Researchers at Nankai University and Shanghai Institute of Optics and Fines Mechanics (SIOM/China) investigated the momentum induced in the ablation of solid targets by 50 fs - 12 ps laser pulses.[ OPTICS EXPRESS. Vol. 19, No. 9 ;2011, 8871]
The dependence of the momentum coupling coefficient on the laser fluence is investigated using the torsion pendulum and the optimal laser fluence is obtained for femtosecond laser ablation of aluminum, copper, and iron targets. Time-resolved shadowgraphs of laser ablation of the copper target indicate that the ablation process generates the maximal momentum is dominated by the photomechanical mechanism. It in turn demonstrates that the photomechanical mechanism is a highly efficient way to remove the target material, which is in agreement with the description in Ref.
As the laser pulse duration increases from 50 fs to 12 ps, the momentum coupling coefficient first increases rapidly and then remains nearly constant when laser pulses with specific laser fluence are used. The characteristic pulse width that divides the above two regimes is about 1 - 2 ps, only varying slightly for different target materials.
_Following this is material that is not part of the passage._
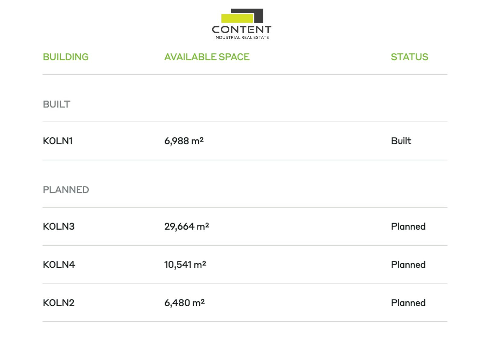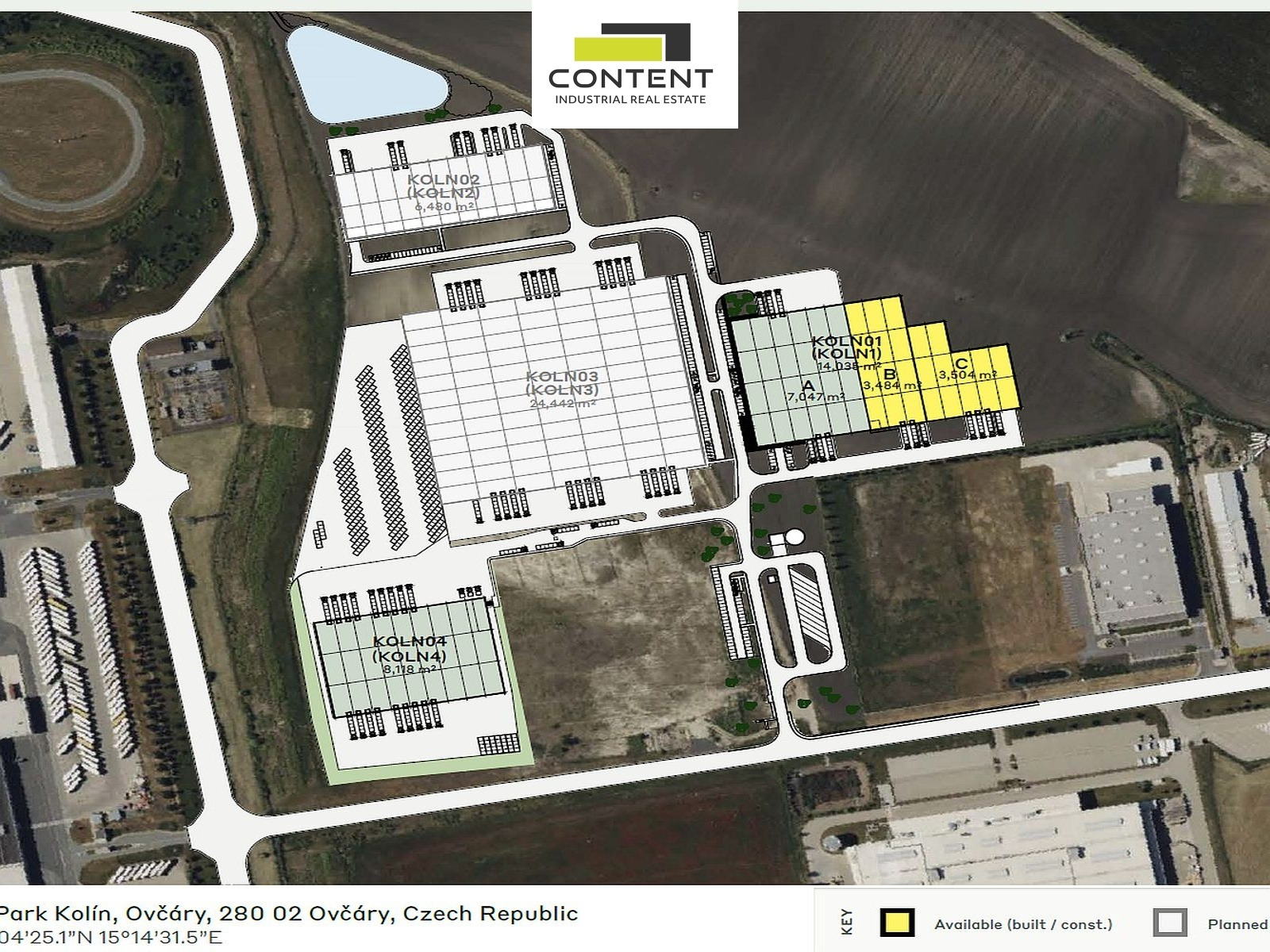 Pronájem skladu, výrobních prostor 24442 m² Kolín - Ovčáry, D11. V zastoupení majitele a bez provize nabízíme industriální prostory, vhodné pro sklad nebo výrobu, o celkové velikosti cca 30000 m² v rámci zcela nového industriálního parku, který je v těsné blízkosti výrobního závodu Toyota Motor Manufacturing. Lze je využít především pro skladování a výrobu. Svou polohou mají jednoduché napojení na dálnici D11, EXIT 42 a 50. - ve výstavbě, k dispozici dohodou - samostatná budova až 24442 m² (budova KOLN3) - prostory lze dělit na jednotky od cca 3000 m², dle požadavků - výška 10 m - vstupy v úrovni vozovky i pomocí hydraulických ramp - bezprašné podlahy s minimální nosností 7 t/m² - kanceláře, showroom, zázemí budou vestavěny na míru, dle potřeby - osvětlení technologií LED - další úpravy možné, dle potřeb konkrétního klienta - příjezd pro TIR samozřejmostí, dostatečné manipulační i parkovací plochy - v rámci areálu ihned k pronájmu cca 3500 m² Cena nájmu je individuální, bude stanovena dle dalších podmínek smlouvy. Fotografie hotového interiéru jsou pouze ilustrativní. Pro více informací nás kontaktuje, rádi Vám zajistíme prohlídku nemovitosti.

The change of the ablation mechanism from atomization to phase explosion with the increase of the laser pulse width is responsible for such an observation.
It is also found that under the same experimental conditions the ablation-generated momentum increases nonlinearly as the increase of the laser pulse energy and the laser spot area on the target. Such a nonlinear momentum-energy conversion scaling law demonstrates that even for femtosecond laser pulses, the dissipation of the energy into the surrounding area of the ablation site is still significant and laser pulses with larger pulse energy and spot area while keeping the laser fluence unchanged can lead to higher energy utilization efficiency.